Kobach wasn’t alone. On Wednesday morning, Trump quoted Senator John Kennedy who, while appearing on Tucker Carlson’s propaganda hour Tuesday, said this:
I don’t think President Trump is a racist. I don’t think his original tweet was racist. I think it was a poor choice of words, which is why he clarified. I’m not sure the president should exchange playground insults with them. When you try to argue with a fool, that proves there are two. But the president decided to do so. The simple fact of the matter is that the four congresswomen think that America was wicked in its origins and they think we are even more wicked now. They think we are all evil. They are entitled to their opinion. They are Americans. But I’m entitled to my opinion, and I just think they are left-wing cranks and they are the reason that there are directions on a shampoo bottle.
At least he gets credit for implicitly calling the president a “fool” (Trump didn’t mention that part when he quoted Kennedy).
But the issue is that a sitting senator dignified Carlson (who has himself engaged in vile attacks on Ilhan Omar) with a cameo in the first place and then claimed, falsely, that Omar, Ocasio-Cortez, Rashida Tlaib and Ayanna Pressley “think America was wicked in its origins”.
Note that by describing that baseless claim as a “simple fact”, Kennedy is deliberately manipulating Fox’s viewers who are notoriously gullible. There is nothing “factual” about Kennedy’s claims. Republicans say “look at what the congresswomen have said”, knowing that virtually nobody in Trump’s base will actually do that. If they did, what they would discover is that Ilhan Omar’s March speech and her 2013 interview with PBS Minnesota, are not, when taken in context, offensive. But that doesn’t matter because, again, Trump voters don’t care.

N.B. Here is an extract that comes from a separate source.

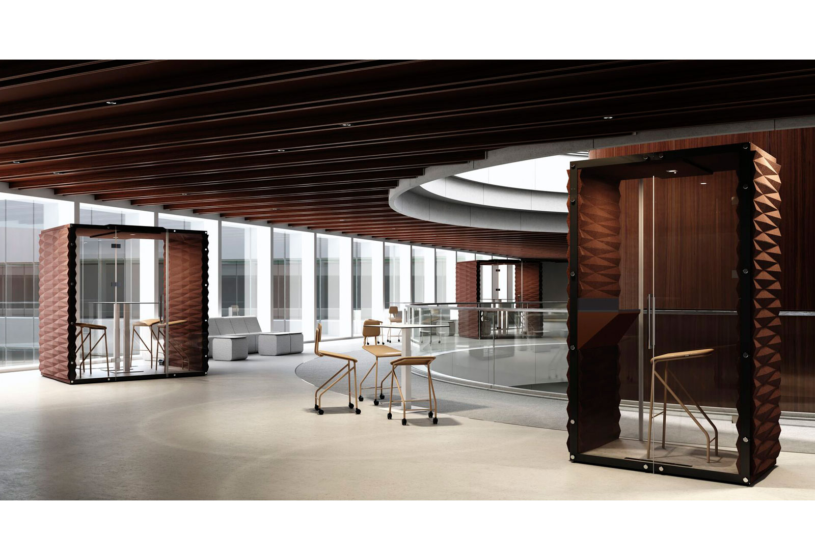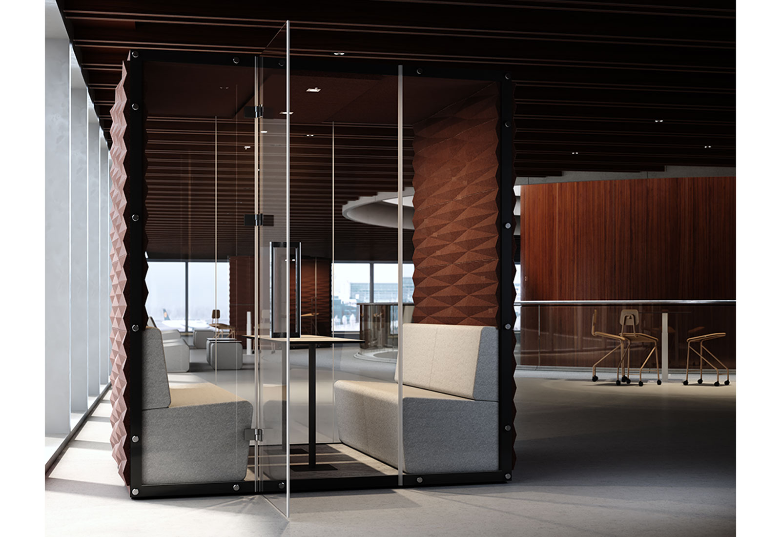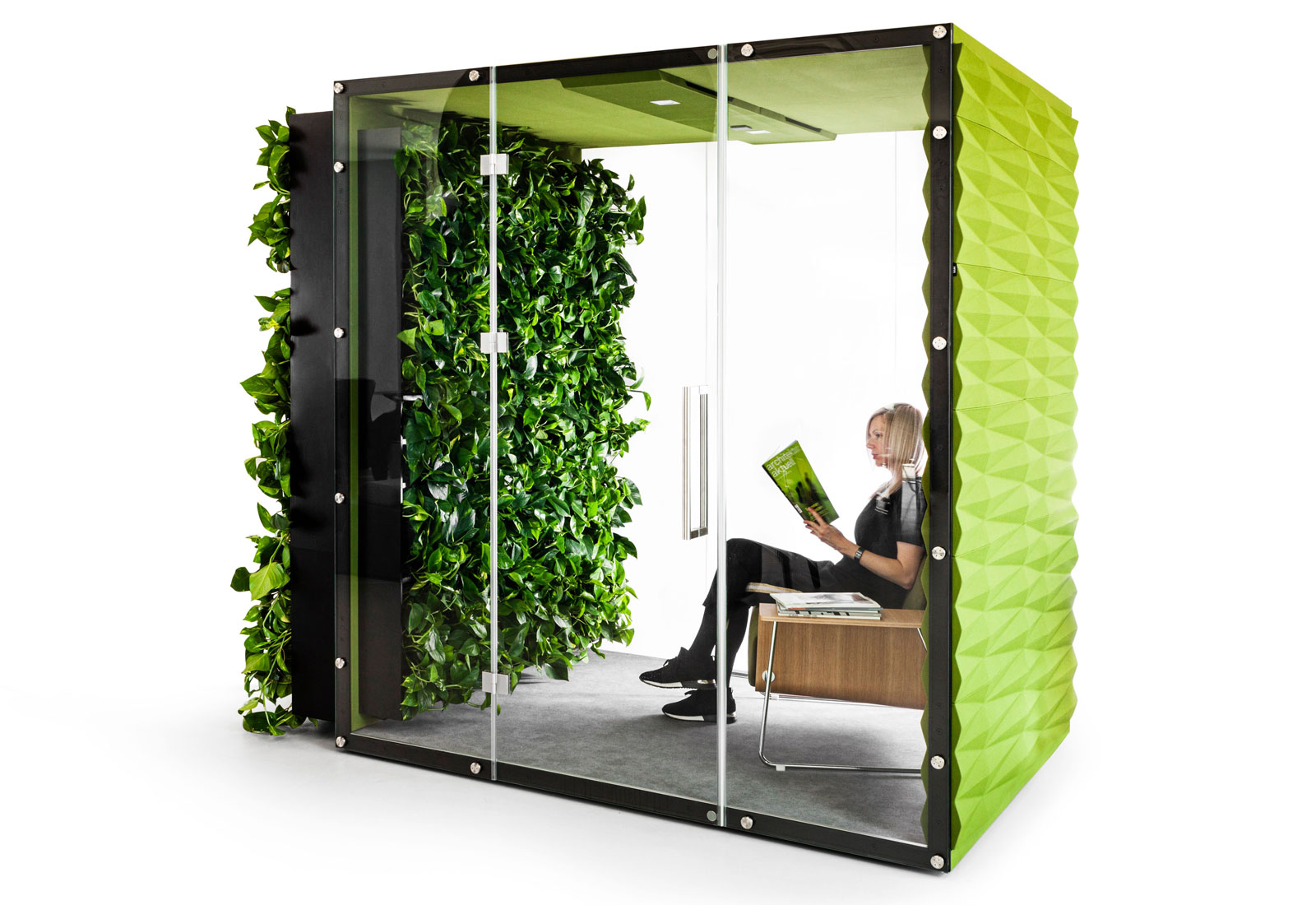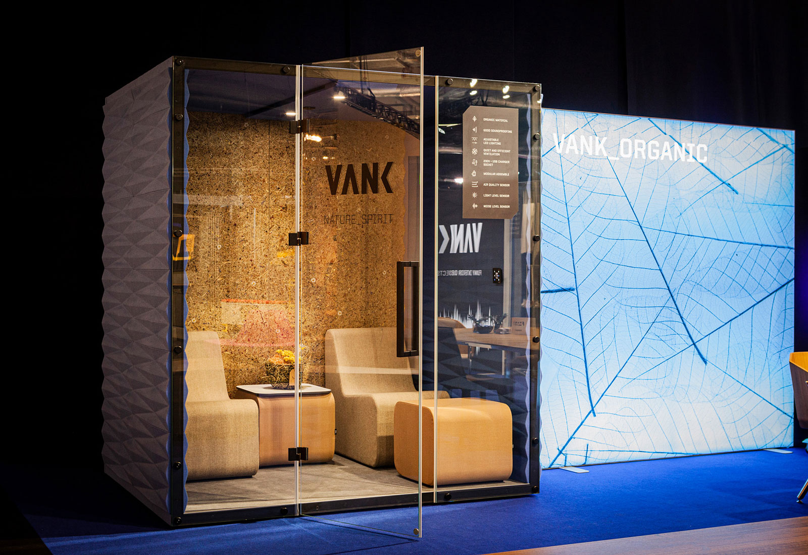 Die Ausstattung lässt keine Wünsche offen. Außen sind unsere Aktstikboxen glatt gepolstert und mit SONUS-Stoff bezogen, der sich durch seine schallabsorbierenden Eigenschaften auszeichnet. Bei der Farbauswahl der Akustikstoffe steht eine große Palette zur Auswahl zur Verfügung. Die Grundausstattung unserer VANK Raumeinheiten verfügt über ein leises Lüftungssystem, hochwertige LED-Beleuchtung und Anschlüsse, die nach Wünschen der Benutzer konfiguriert werden können. Die Akustikboxen für eine Person sind mit einem Laptopfach ausgestattet, während die größere Akustikboxen mit einem Tisch und Stühlen ausgestattet werden können. Sowohl der Korpus als auch der Bodenbelag unserer Akustikboxen verfügt über schallabsorbierende Eigenschaften.

In addition to calling Omar, Ocasio-Cortez, Tlaib and Pressley “cranks” and too stupid to understand how to use shampoo, Kennedy branded them – and I kid you not – “the four horsewomen of the apocalypse”.
The fearmongering has become a caricature of itself.

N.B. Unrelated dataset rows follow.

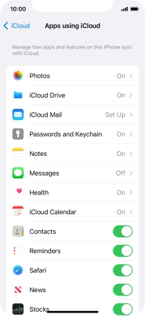 Press the indicators next to the required data types to turn synchronisation of each data type on or off.
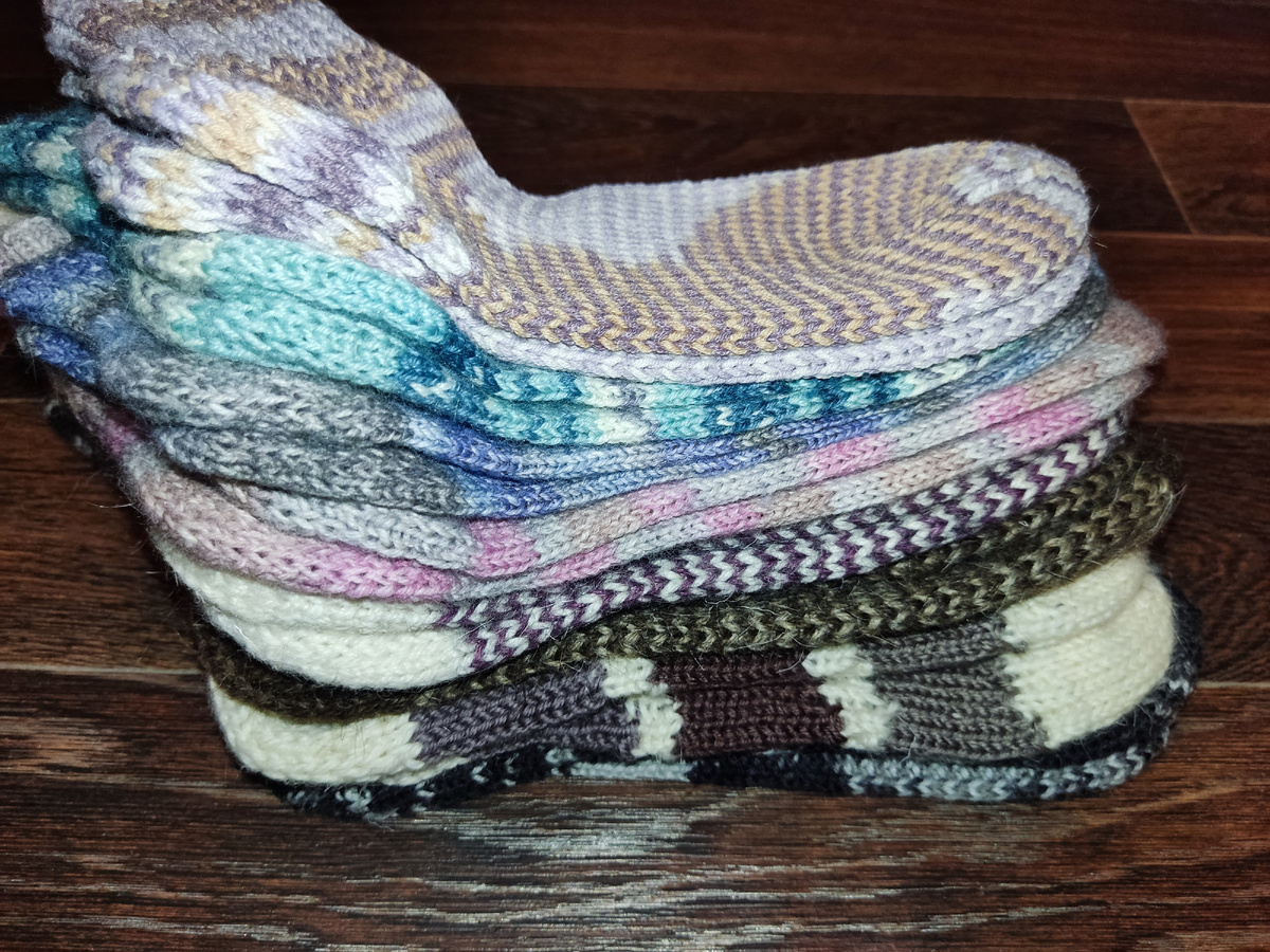 Совершенно неожиданно поняла, что между делом связала 8 пар носочков. То пряжу проверяла, то остатки пристраивала, то идею новую обдумывала. В этой стопочке есть особо любимые носочки. Пряжа Fabel long print от DROPS 75 % перуанская шерсть 25% полиамид. Идеальный состав. Тактильно очень приятна. Носочки тоненькие. Обожаю короткие, поэтому сине-серо-голубые оставлю себе. Возможно вам пригодится узнать как ложатся полосочки. Эту пряжу купила для эксперимента. Носки получились прикольные, специально не добивалась симметрии. Из NACO boho вяжу не в первый раз, в процессе использования носочки могут закататься слегка. Но не критично. Впервые купила эту пряжу. Астра Карелия. Цвет секций распределился очень фантазийно. Носочки мягкие, связаны резинкой 2х2. Пятка Стронг. Для тех кто любит невесомые изделия. Они какие-то такие и получились. Как будут носиться проверим. В следующих трёх парах просто пристраивала остатки пряжи. Метод Хеликс очень люблю. Приятная полосатость выходит. К по
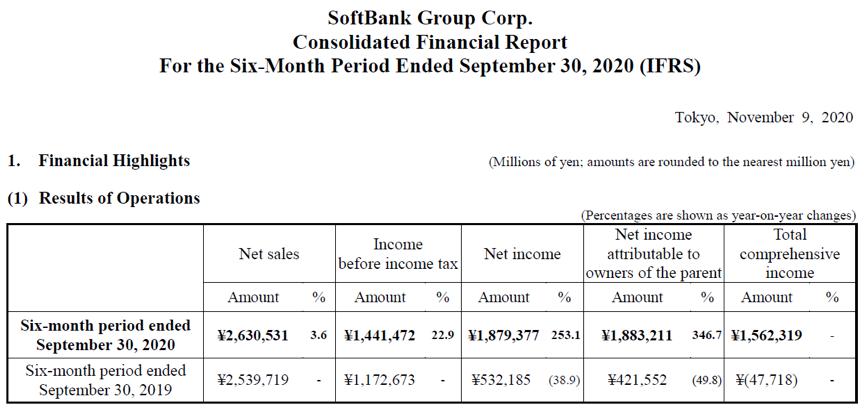 昨晚,软银集团公布了一份亮眼的季度财报——软银第二财季净销售额为2.63万亿日元,(约合人民币1669.8亿元),同比增长3.6%;净利润为1.8832万亿日元(约合人民币1196亿元),较上年同期相比大增346.7%。
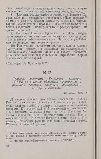 Протокол заседания Юзовского комитета РСДРП(б) о созыве областной конференции, о районном печатном органе, о профсоюзах и по другим вопросам. 10 июня 1917 г. // Архив Укр. филиала ИМЛ при ЦК КПСС, ф. 33, oп. 1, д. 1, л. 4—5. Подлинник.

I think there are major (and worrying) implications for the Republican Party in the long term that need to be considered as well. Eventually, Trump will leave office — either due to a defeat at the ballot box or simply because he’s old and clearly unhealthy. However, by embracing Trump’s now overt racism (which looks likely to be at the core of his 2020 campaign), the Republican Party will almost certainly be unable to obtain any meaningful percentage of minority votes for the foreseeable future.
Unless the party is content to relegate itself to irrelevancy, which seems unlikely, then given the long-term demographic trends of the country, they’ll need to employ a broad, racially based policy of voter disenfranchisement in order to remain politically viable. This is the sort of environment where insane policies like the deportation of the DREAMers or the mass deportation of 13 million undocumented/illegal immigrants become “rational” and necessary in order to maintain political relevance. It will lead to acts of voter suppression and gerrymandering that make today’s shenanigans look like child’s play.

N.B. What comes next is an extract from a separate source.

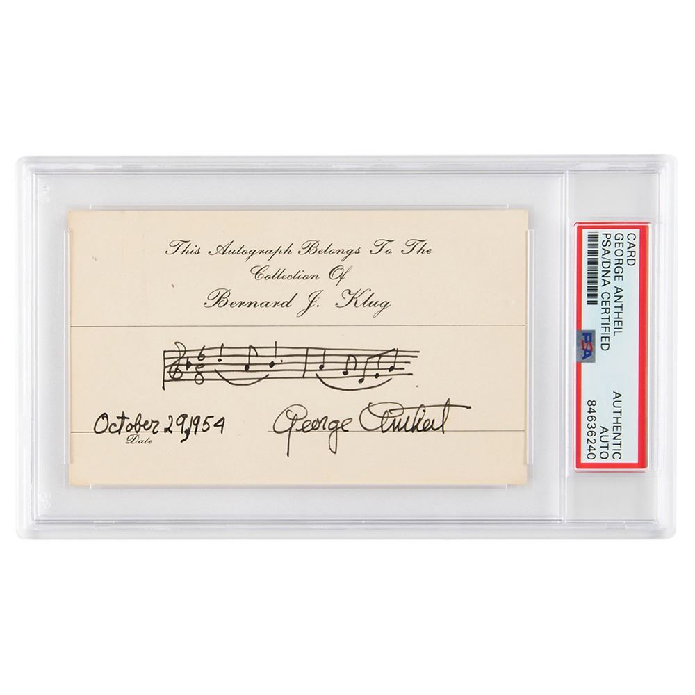 American avant-garde composer, pianist, author, and inventor (1900-1959) who co-patented a & #39;Secret Communications System& #39; with actress Hedy Lamarr in 1941. AMQS on an off-white 5 x 3 card imprinted "Collection of Bernard J. Klug." Antheil pens two bars from one of his works, signing below in bold ink, "October w9, 1954, George Antheil." In fine condition. Encapsulated in a PSA/DNA authentication holder.
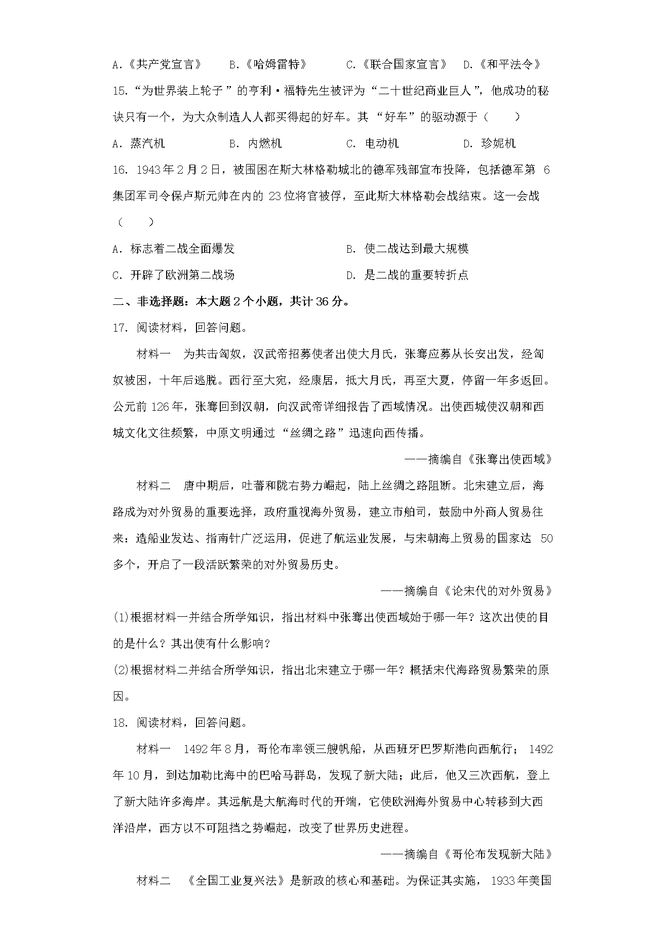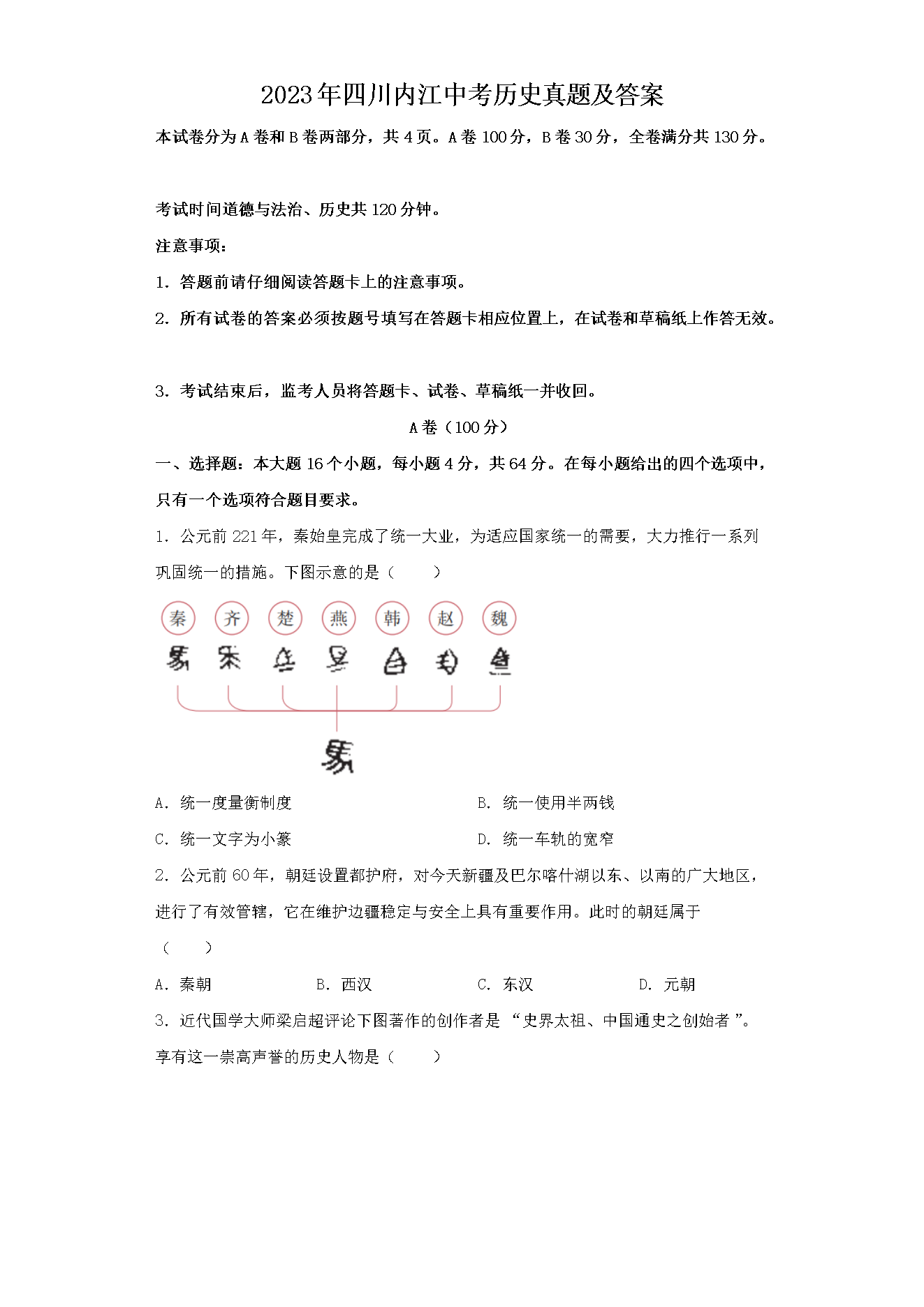 2023年四川内江中考历史真题及答案(Word版)07-17

The rise of a political party that condones overt racism and depends on the mass disenfranchisement of minorities in order to maintain its proximity to power would be a dangerous development in our democracy. That’s the sort of thing that can take any country to some very dark places.
Or, you know, the Republican Party could just implode when Trump leaves office, but I wouldn’t count on that.